### Data for this exercise

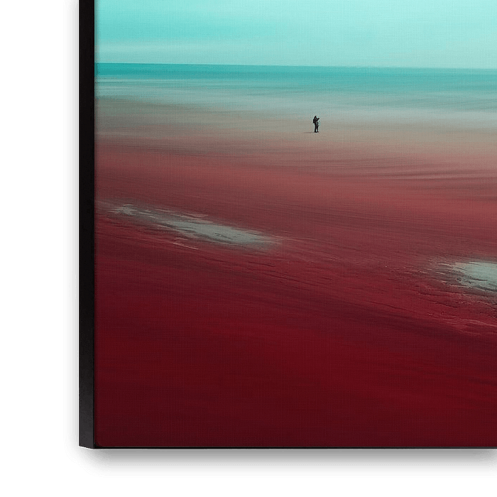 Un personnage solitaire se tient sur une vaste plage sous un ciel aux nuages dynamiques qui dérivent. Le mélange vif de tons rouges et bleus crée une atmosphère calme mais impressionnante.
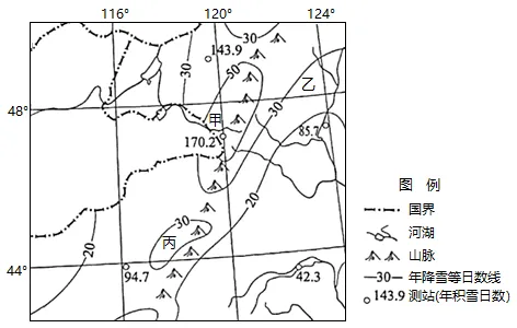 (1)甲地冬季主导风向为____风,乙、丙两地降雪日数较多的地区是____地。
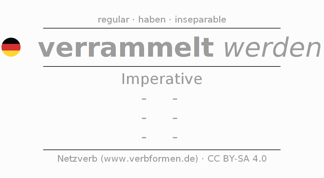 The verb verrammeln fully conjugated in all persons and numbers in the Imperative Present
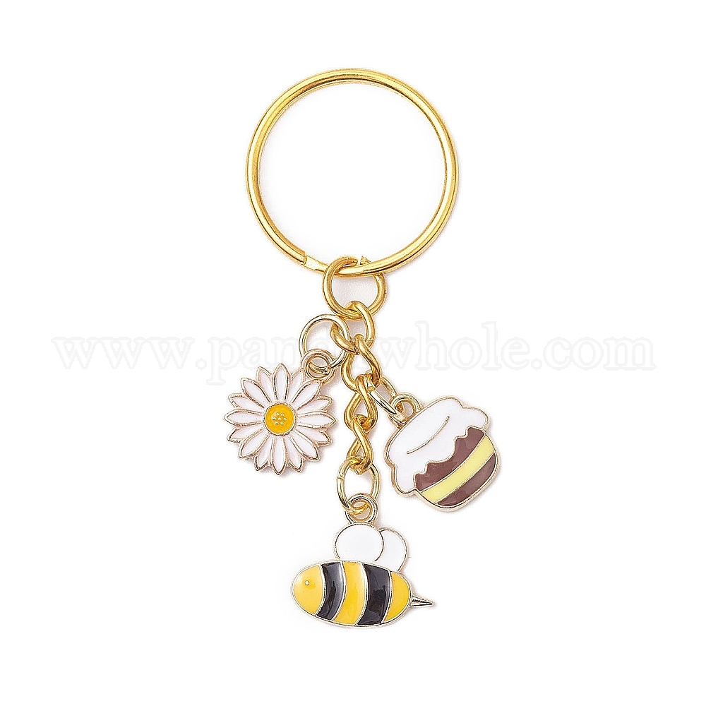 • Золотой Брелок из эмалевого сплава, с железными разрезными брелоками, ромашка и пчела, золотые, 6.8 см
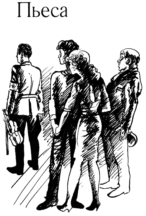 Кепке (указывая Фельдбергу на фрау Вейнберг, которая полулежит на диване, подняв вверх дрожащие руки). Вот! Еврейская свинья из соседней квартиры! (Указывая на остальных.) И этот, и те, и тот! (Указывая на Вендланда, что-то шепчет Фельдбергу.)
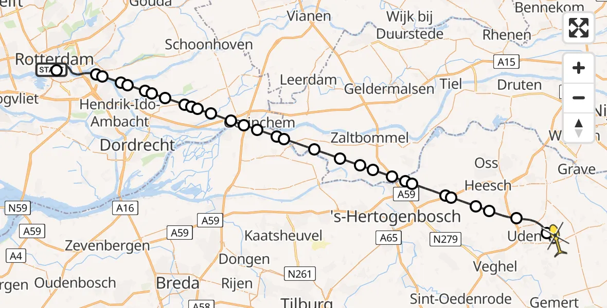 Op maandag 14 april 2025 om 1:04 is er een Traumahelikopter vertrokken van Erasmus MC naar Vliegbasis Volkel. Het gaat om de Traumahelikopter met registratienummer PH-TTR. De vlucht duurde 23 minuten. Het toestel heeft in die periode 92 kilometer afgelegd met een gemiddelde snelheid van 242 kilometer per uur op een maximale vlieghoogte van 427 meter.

### Your task
Whatever pictures the entries contain, omit them, and write the rest out exactly.

### Task answer
 Un personnage solitaire se tient sur une vaste plage sous un ciel aux nuages dynamiques qui dérivent. Le mélange vif de tons rouges et bleus crée une atmosphère calme mais impressionnante.
 (1)甲地冬季主导风向为____风,乙、丙两地降雪日数较多的地区是____地。
 The verb verrammeln fully conjugated in all persons and numbers in the Imperative Present
 • Золотой Брелок из эмалевого сплава, с железными разрезными брелоками, ромашка и пчела, золотые, 6.8 см
 Кепке (указывая Фельдбергу на фрау Вейнберг, которая полулежит на диване, подняв вверх дрожащие руки). Вот! Еврейская свинья из соседней квартиры! (Указывая на остальных.) И этот, и те, и тот! (Указывая на Вендланда, что-то шепчет Фельдбергу.)
 Op maandag 14 april 2025 om 1:04 is er een Traumahelikopter vertrokken van Erasmus MC naar Vliegbasis Volkel. Het gaat om de Traumahelikopter met registratienummer PH-TTR. De vlucht duurde 23 minuten. Het toestel heeft in die periode 92 kilometer afgelegd met een gemiddelde snelheid van 242 kilometer per uur op een maximale vlieghoogte van 427 meter.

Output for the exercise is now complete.